Chief negotiator for the EU team, Niki Hintermayer (MA, 2021), said he was impressed with the enthusiasm with which fellow students approached the exercise. He also praised the seriousness of the negotiations and attention to detail displayed by both sides.
“For me personally, it was exciting to improve my negotiating skills, to stand vigorously by our positions and to be able to coordinate the group,” Hintermayer said. “To hold the team together and have the bird’s eye view over the whole process required a lot of precision and composure.”
Hintermayer also praised his counterpart on the U.K. side, Megan Rutkai (BA, 2021), for her poise despite being the youngest member of the class.
“Leadership is not a question of age: the calm and enthusiasm with which the Chief Negotiator of the U.K. negotiated and communicated was the main determinant of [the U.K. team’s] success,” Hintermayer said.
When asked about why he incorporates the simulation in his curriculum Professor Leigh said the aim is to give students hands-on experience which brings to life issues they may be studying in their courses.
“Role playing enables them to tackle directly competing interests and to seek negotiated solutions,” Leigh said. “It also gives them a sense of the political pressures that influence decision-making.”
As the former Director-General for Enlargement at the European Commission, Professor Leigh has been involved in high-stakes policy negotiations at the upper echelons of the EU. It is from these experiences that the simulation draws its realism.
“Our simulation paralleled real life negotiations on the substance of the issues at stake and the fundamental policy dilemmas involved,” Professor Leigh said.
Now in his fifth year of running the simulation, Professor Leigh has used each iteration to improve the format and perfect the experience for students.
“I adapted the process to reflect feedback from students in previous exercises in a number of ways,” Professor Leigh said. “The most important was going beyond a single negotiation round so that students could see how the process evolved over time.”
He already has plans to tailor the exercise further based on feedback from the last course.
“Two further changes I will make in the next exercise…[are] providing the negotiating scenario and briefing material earlier in the semester and ensuring that the process is open-ended,” Professor Leigh said.
For the closing session of the negotiation, Professor Leigh invited Scarlett Varga, Head of Development at the Brussels-based economics think tank, Bruegel, to offer feedback on the simulation.
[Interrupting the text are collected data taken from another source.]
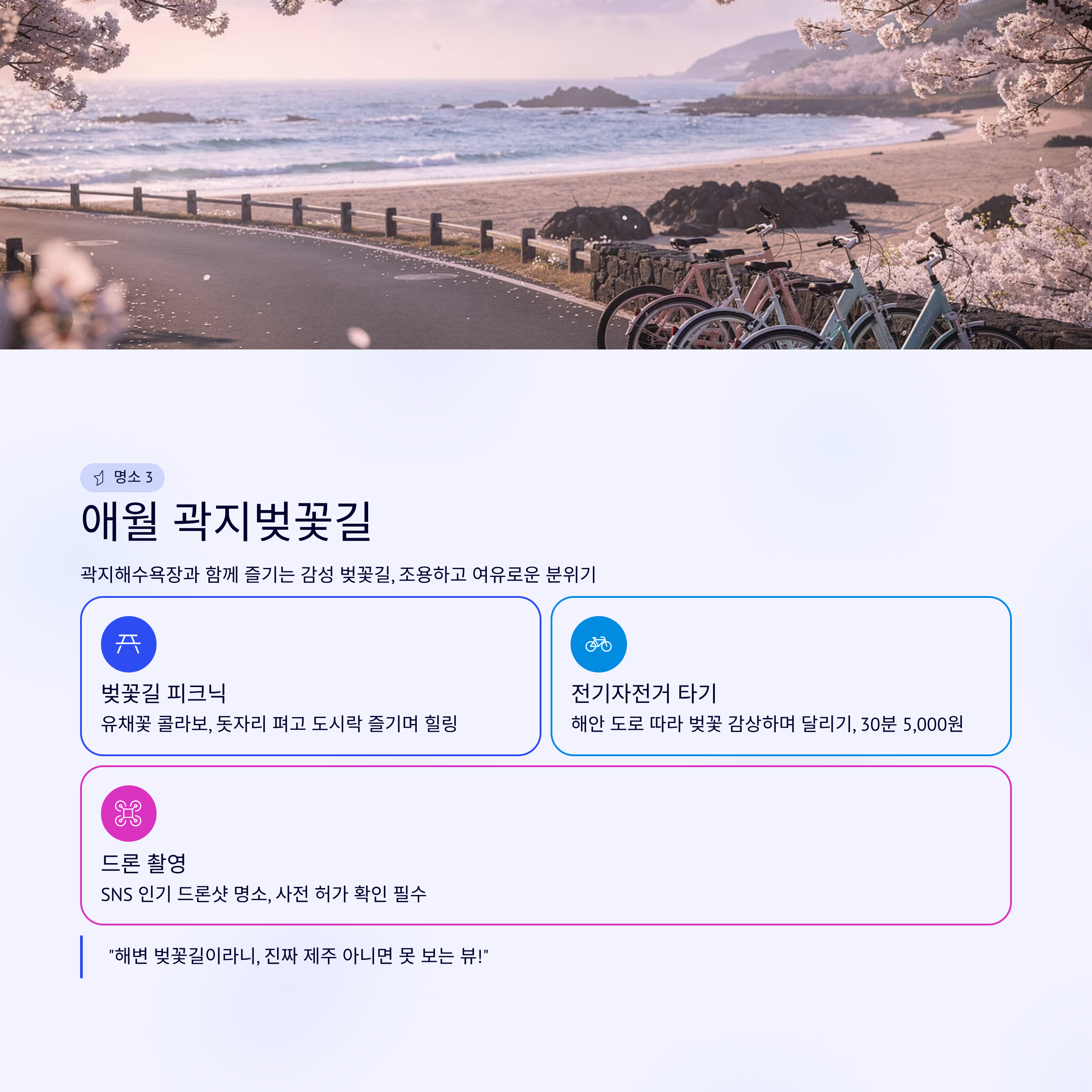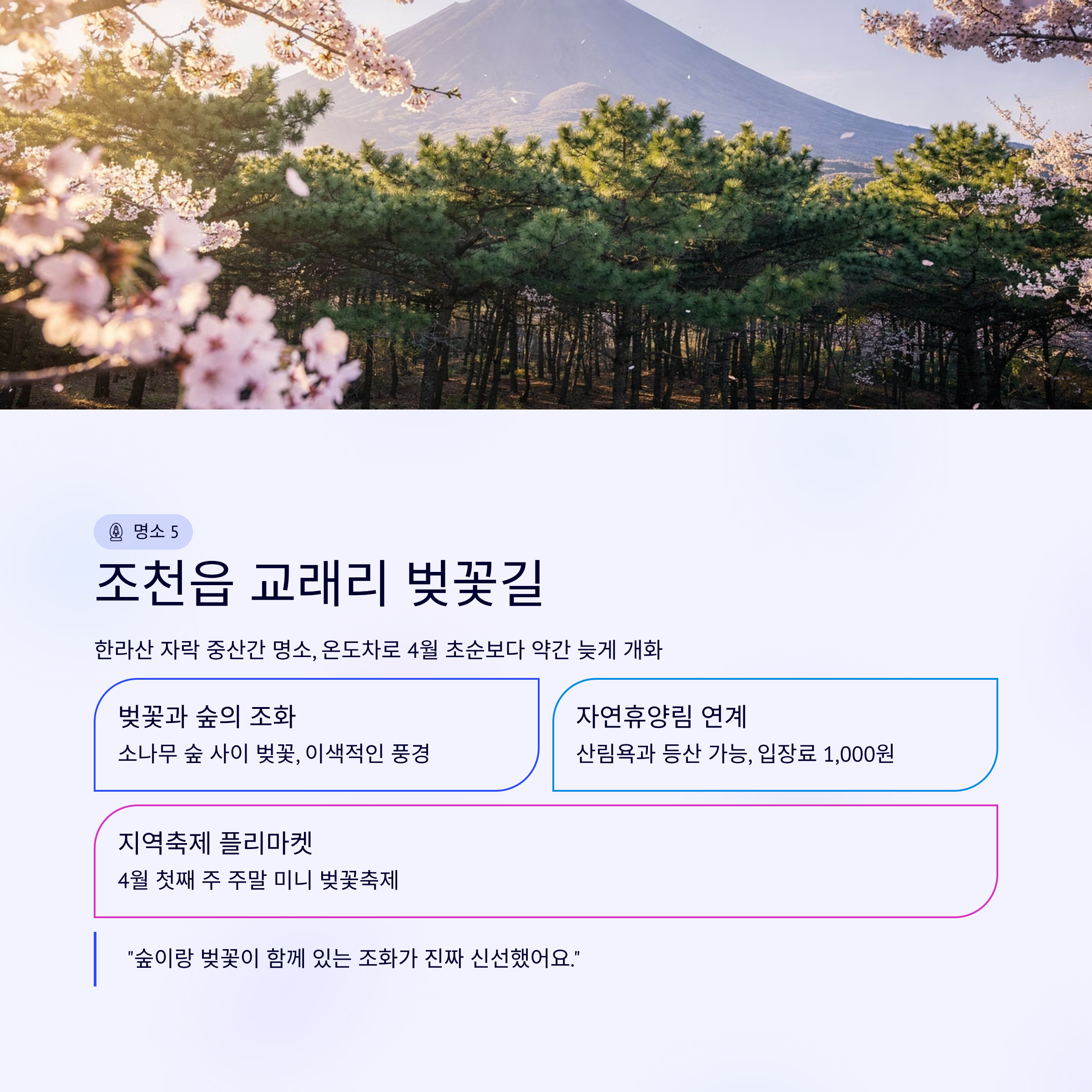 전농로 도심 벚꽃터널 오후~야경 입구 아치, 조명 벚꽃 무료~3천원 천지연 폭포 + 벚꽃 오전~오후 전망대, 폭포 옆 2천원 곽지 해변 벚꽃길 오전 바다뷰 벚꽃길 무료~5천원 협재 돌담 + 조용한 길 오전~낮 돌담길 포인트 무료 교래리 숲속 벚꽃 오후 원두막, 숲길 1천원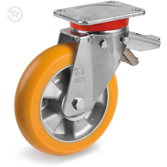 Supporto costituito da piastra e forcella in lamiera d'acciaio zincato; organo di rotazione formato da un cuscinetto a spinta ELP e un cuscinetto a rulli conici e protezione con anello parapolvere in polietilene. Perno centrale integrale con la piastra ottenuto da tornitura e filettatura e fissato con dado autobloccante. Il freno registrabile consente il bloccaggio della rotazione di ruota e supporto.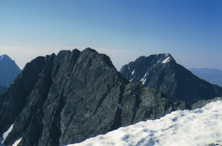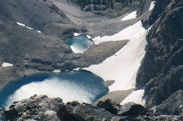 I enjoyed every minute of the hike as I closed in on Chicken-Out-Ridge. Now that I was in motion, my self-doubts melted away. “Stay high on the ridge … right over the top.” That’s what I’d read. “The handholds are good and the rock is solid.” Just before reaching C.O.R., I caught up to a couple from Idaho probably in their late 20s or early 30s. I took an instant liking to them and we talked a bit. I soon learned that the gentleman had previously climbed Borah and he helped kill any remaining doubts I had about Chicken-Out-Ridge. Before long, we were all scrambling over the Class 3 terrain closing in on the snowfield at the end of the ridge. The crossing of the snowfield proved easy as solid steps had been kicked in by this season’s climbers.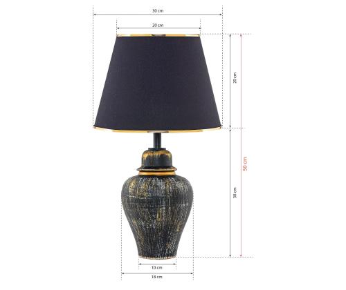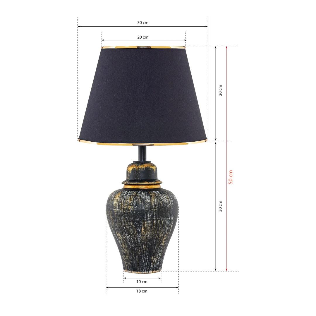 Valgustage oma ruumi elegantsi ja stiiliga meie hämmastava metallkorpusega lauavalgustiga. See peen lamp omab sujuvat metallkorpust koos kangast kattega, luues rafineeritud ja modernse ilme, mis täiustab igat ruumi teie kodus. Kuld- ja mustade värvide kombinatsioon lisab teie sisustusele luksuse ja glamuuritunde, muutes selle ideaalseks silmapaistvaks detailiks.Lisage oma ruumile elegantsiOlgu see teie öökapil, laual või elutoas, see lauavalgusti tõstab koheselt teie ruumi atmosfääri. Ahnuslik disain ja värvikombinatsioon teevad sellest mitmekesise detaili, mis sobib igasuguste sisustustüüpidega, alates kaasaegsest kuni traditsioonilise.Looge hubane ja kutsuv atmosfäärSelle pehme ja sooja kuma abil loob see lauavalgusti hubase ja kutsuva atmosfääri, mis on ideaalne lõõgastumiseks või külaliste vastuvõtmiseks. Olgu te lugemas raamatut, töötamas sülearvutiga või lihtsalt nautimas vaikset õhtut kodus, see lamp pakub täpselt vajalikku valgust, et luua õige meeleolu.Tehnilised andmed:Metallkorpus kangast kattegaLaius: 18 cmKatte kõrgus: 50 cmKatte laius: 30 cmPesatüüp: E27 Max 40WVärv: Kuldne ja mustÄrge jätke kasutamata võimalust lisada oma koju luksuse ja rafineerituse puudutus meie metallkorpusega lauavalgustiga. Tellige oma täna ja muutke oma ruum stiilseks pühamuks. Värv: Gold Black
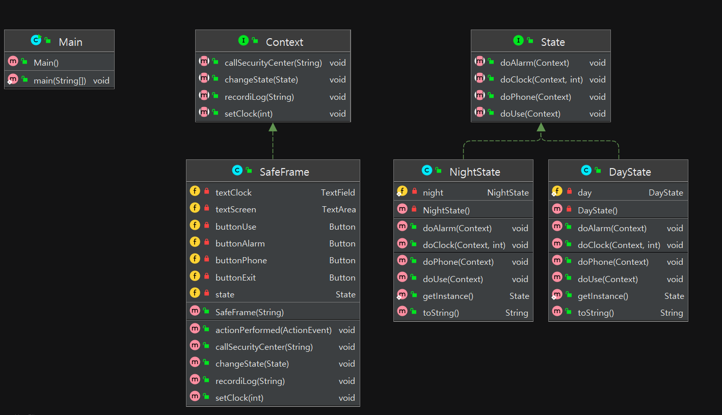 예제에서는 시간에 의존하는 금고의 기능 처리에 대해 다루고 있다. 주간과 야간이라는 두 가지 상태의 변화에 따라 금고의 기능은 다르게 동작한다. 상태 변화는 각각의 ConcreteState에서 수행하고 있다.

Varga, who has experience running similar simulations for Bruegel with true subject matter experts, called the simulation surprisingly realistic – especially in terms of the language used in official communiques.
“On occasion, I did a double take,” Varga said. “I thought I was in a meeting in Brussels.”
At the end of the final negotiating session, Professor Leigh shared parting thoughts about the importance of putting the exercise in perspective. He recounted how earlier in his career as an EU official, he spent three years meticulously “negotiating fish.” The takeaway: seemingly insignificant issues can be enormously political when policy decisions affect real people.